Clemens expects Gray Construction, the contractor that is building the facility, to hand over the keys on May 1, with a ribbon cutting ceremony to take place on July 29.
But getting most of the facility’s 640,000 square feet fully refrigerated is a process that will take weeks if not months to accomplish. It will also take time to gradually ramp up production to the 10,000 head of pork a one-shift operation will handle.
Even then, a significant portion of what is produced in Coldwater will find its way back to the east coast, where the Hatfield name, the signature brand along with several other specialty labels, is marketed.
In any project of this size, environmental considerations come well ahead of any shovel in the ground.
At Clemens, that task befalls William Fink, the company’s environmental management specialist, who turned to Fishbeck, Thompson, Carr & Huber Inc., a consulting company that includes environmental work in its portfolio, to manage the approvals at the local and state level.
Focused on everything from mitigating things like soil erosion that might be impacted during construction, to managing storm water—typically rain that falls on buildings and elsewhere—officials sifted through how Clemens intended to proceed with the project.
Permitting for the facility included a detailed analysis of every aspect of the operation, including the projected emissions resulting from natural gas boilers.
Perhaps surprisingly, very little of the hogs is discarded, with everything from the meat to what some might think of as waste being converted into product that is sold—even if that includes fertilizer sold to farm operations.
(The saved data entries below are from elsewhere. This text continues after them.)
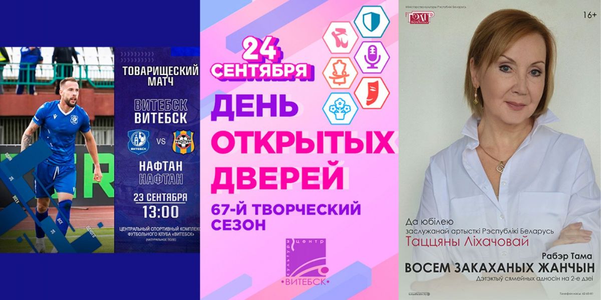 Куда сходить в Витебске на выходных с 23 по 25 сентября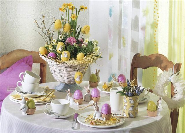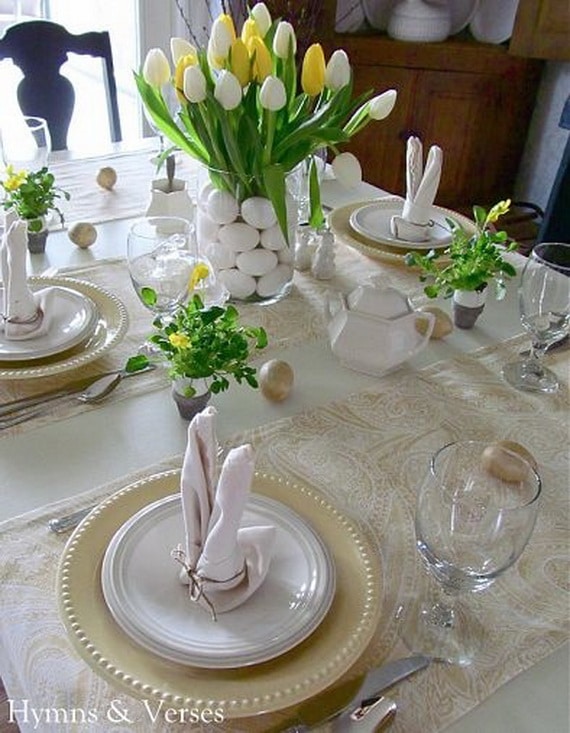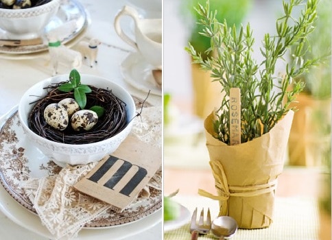 Avec Pâques arrive le printemps ; et qui dit printemps dit fleurs. Elles doivent donc avoir une place centrale sur votre table. Assurez-vous que vos fleurs apportent de la couleur mais aussi et surtout de la verdure ? Jaunes, crèmes ou blanches, elles habilleront à la perfection votre table. Pensez aussi aux plantes herbacées qui mettront en valeur vos œufs.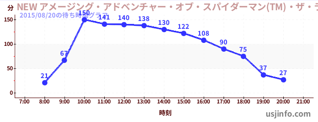 • NEW アメージング・アドベンチャー・オブ・スパイダーマン(TM)・ザ・ライド 4K3D$B$N(B2015年08月20日の待ち時間
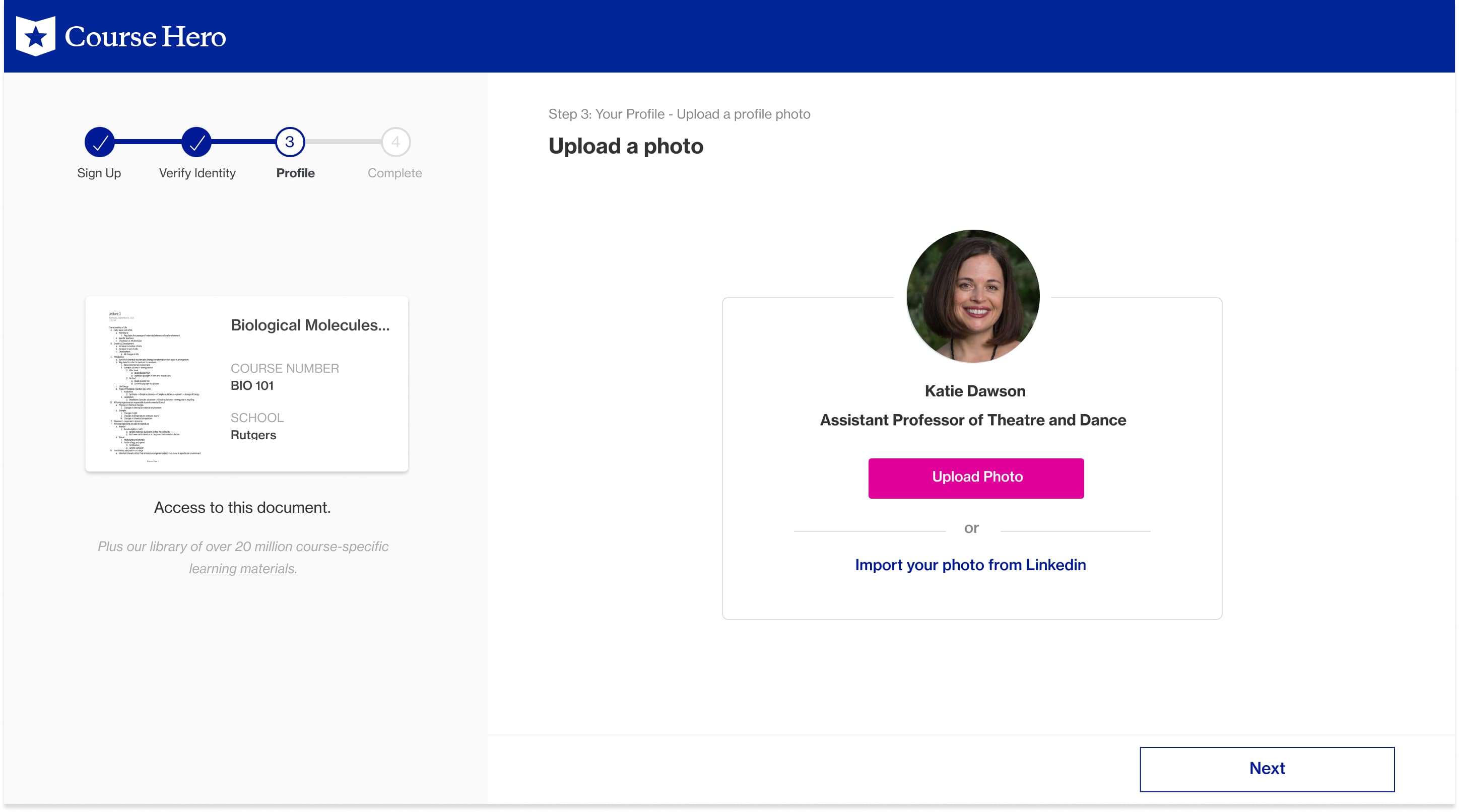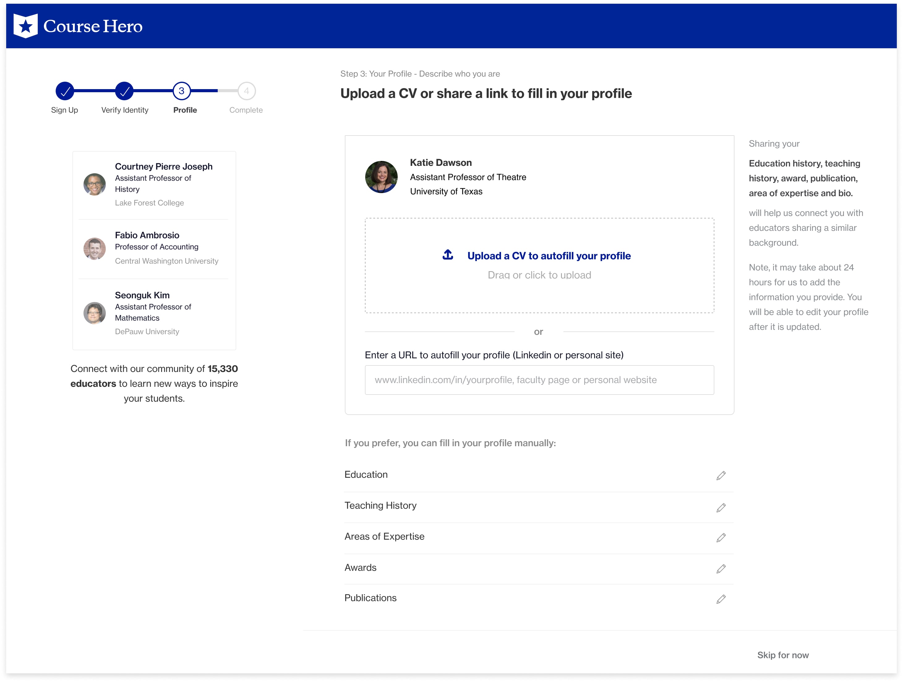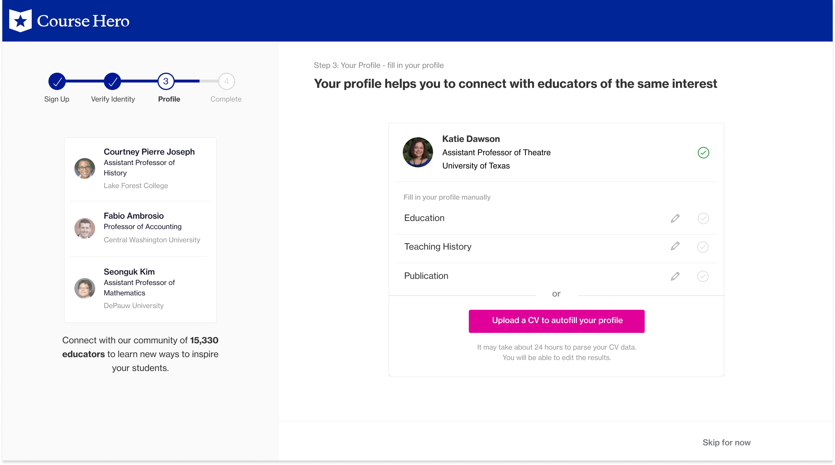 Filling out eight information: School, Degree, Field of Study, Area of Expertise, Course teaching, Publication, Award, Profile Photo takes time, not to mention the lack of motivation when they are asked to complete the tasks.

In the end, attention to resources like water—in the case of Clemens’ operation, much of it reclaimed, cleaned and reused—is included in the environmental permitting process.
“We’ll have a facility where process water, including that used to clean trailers, is treated before ultimately being discharged to the city of Coldwater,” said Fink, who added that minimizing the amount of waste is central to the company’s strategy. “Our plans are to recycle as much as possible.”
In its application to the Michigan Department of Environmental Quality, Clemens’ consultants pointed to the design of the state-of-the-art facility as one that was “subject to the same high levels of cleanliness as the meat packaging industry, greatly reducing the potential for odors.”
Family and business
At Clemens Food Group there are some 300 family shareholders out of a total of 700 family members, with the seventh generation just recently born. Primarily, members of the fourth and fifth generation are managing the company.
Getting along with the family is something, says Doug Clemens, that came from the deliberate decision to separate family from business.
“If you were to be interviewing one of my nephews, he would tell you if he wasn’t performing in the job, I would be the first to be at his house, consoling him on the loss of his job.”
Clemens, as part of his earlier strategic planning role, became determined not to see the family business fall prey to a sobering statistic: that 97 percent of family enterprises cease to exist after the third generation. “We made that a conscious decision and we’re adamant that the responsibility to continue is for generations to come. Stewardship is one of our core values.”
The company, with roots in the Mennonite faith, also adopted a value of generosity, with 10 percent of pre-tax profits going to charity.
And while Clemens himself has worked nowhere other than the business, he has at least one child who will work somewhere else to get the “outside” experience before taking on a management role.
“We do strongly recommend that family members work elsewhere for about five years,” says Clemens. “It’s a matter of having the diversity of experience, which we think is important.”